*** Opening Material for the task ***
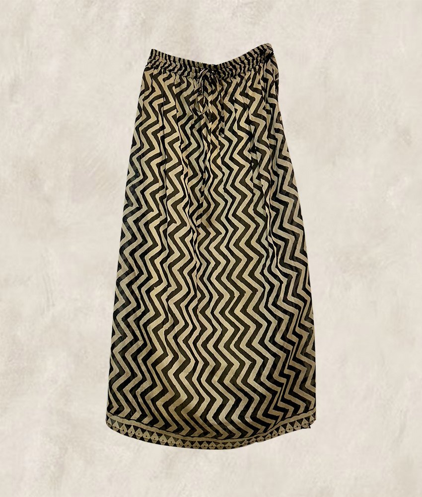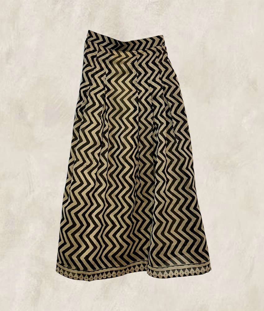 La jupe a une taille plate devant et est montée sur élastique au dos.
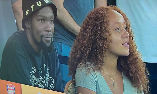 近日,杜兰特还现身洛杉矶公羊主场SoFi Stadium球场,现场观看巴塞罗那与阿森纳的足球友谊赛;杜兰特戴着一顶小黑帽尽显小帅该有的气质,有球迷问坐在杜兰特身旁的美女是谁?这个真不知道,目前还没有媒体爆料杜兰特有新恋情了。
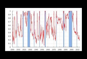 Todo esto ha sido conocido durante algún tiempo, pero la contribución de Phillips proporciona un método estadístico más atractivo para determinar cuándo un del precio activo tiene un comportamiento explosivo. Cuando se aplica este método, proporciona una medida continua de la probabilidad de que el comportamiento de la burbuja esté presente, y entonces podemos decir que existe una burbuja cuando esta probabilidad cruza un umbral específico. Elegimos un 95% de probabilidad para establecer este umbral, lo que significa que sin ella vamos a identificar una burbuja alrededor del 5% del tiempo.
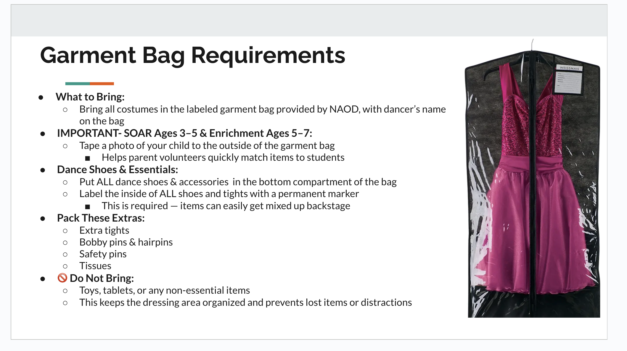 Arrive to the concert in full costume with garment bag and a cover-up on top. (Label garment bag & all costume pieces and shoes with your dancer’s name. No pullover hoodies, sweaters, etc.)
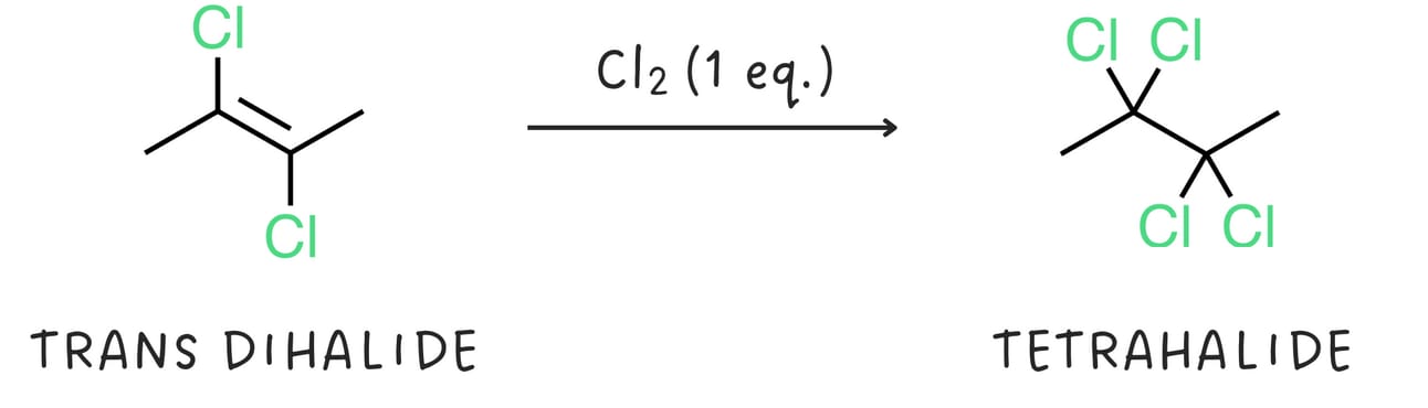 The dihalide can react with another equivalent of halogen to produce a tetrahalide.
*** Closing Material for the task ***
#### [The task]
Locate "Todo esto ha" in the entries above. Copy, exactly and only, the lines from that line to the end, leaving out the pictures.

#### [Answer space]
 Todo esto ha sido conocido durante algún tiempo, pero la contribución de Phillips proporciona un método estadístico más atractivo para determinar cuándo un del precio activo tiene un comportamiento explosivo. Cuando se aplica este método, proporciona una medida continua de la probabilidad de que el comportamiento de la burbuja esté presente, y entonces podemos decir que existe una burbuja cuando esta probabilidad cruza un umbral específico. Elegimos un 95% de probabilidad para establecer este umbral, lo que significa que sin ella vamos a identificar una burbuja alrededor del 5% del tiempo.
 Arrive to the concert in full costume with garment bag and a cover-up on top. (Label garment bag & all costume pieces and shoes with your dancer’s name. No pullover hoodies, sweaters, etc.)
 The dihalide can react with another equivalent of halogen to produce a tetrahalide.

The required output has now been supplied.